Judge Lets Chinese Audit Lawsuit Proceed

A federal judge is allowing a shareholder lawsuit to proceed against a group of auditing firms that signed off on audits of China Expert Technology, a company they have accused of committing accounting fraud.

This is the fourth time since 2007 that shareholders have tried to sue the audit firms, which include PKF Hong Kong, PKF New York and BDO McCabe Co. Ltd., but the judge in the case dismissed the lawsuit three times. On Tuesday, U.S, District Judge Alvin Hellerstein agreed to allow the lawsuit to move forward, according to Reuters.

In October 2007, the SEC temporarily suspended trading in the company for 12 days, saying there was "a lack of current and accurate information" concerning its securities, and there were "questions regarding the adequacy and accuracy of publicly-disseminated information" concerning its financial performance, business prospects, and current financial condition.

China Expert Technology is one of a number of Chinese companies whose accounting and auditing have been called into question by shareholders and regulators alike. The Public Company Accounting Oversight Board has been seeking access to auditing firms in China to allow inspections of firms that audit companies whose shares trade in the U.S.

A large number of Chinese companies entered the U.S. markets by doing a reverse merger with a U.S.-based shell company. Between January 2007 and March 31, 2010, the PCAOB found that out of the 603 reported reverse merger transactions, 159 of those involved companies from the China region, while the remaining 444 transactions involved primarily U.S. companies.

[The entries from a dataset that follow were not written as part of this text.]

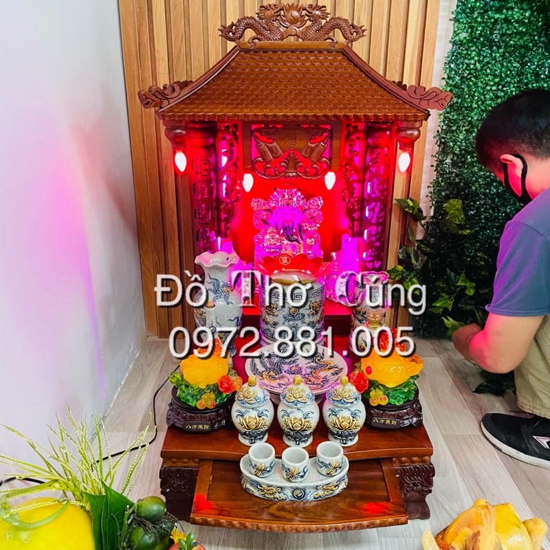 Giới thiệu Bộ đồ thờ thần tài Men rạn đắp nổi cao cấp ban mái đình gỗ hương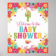 Poster d'accueil à thème Fiesta - Baby shower aux fleurs colorées, cactus et sombrero.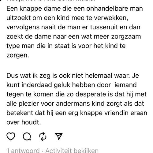 Meid stop met op sociaal media naar dit soort berichten kijken. Ik ken echt helemaal niemand in mijn sociale omgeving die zo over alleenstaande moeders denkt! Heb je dit zelf in het echte leven wel ervaren? Of is het enkel wat je op social media leest? Echt verwijder die troep of kijk alleen nog maar schattige katten filmpjes of zo. Want dit is echt niet goed voor je.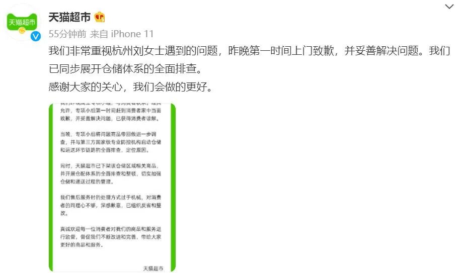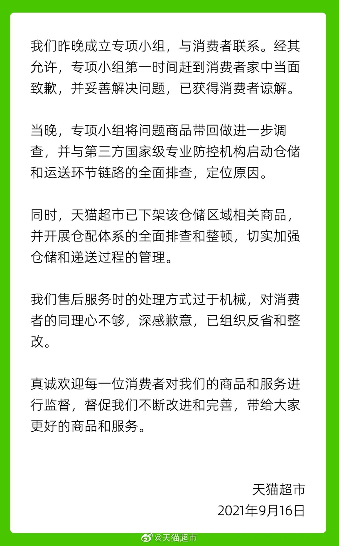 9月16日,天猫超市最新回应称:

Twenty-eight auditing firms based in China and Hong Kong audited the financial statements of 230 U.S.-listed companies in 2009 and 2010, but were not inspected by the PCAOB (see PCAOB Warns on Chinese Audits and U.S. in Talks with China about Audit Inspections). Since 2010, according to Reuters, shareholder lawsuits have been filed against over 30 Chinese companies. Chinese companies that executed reverse mergers have been a particular target of short sellers.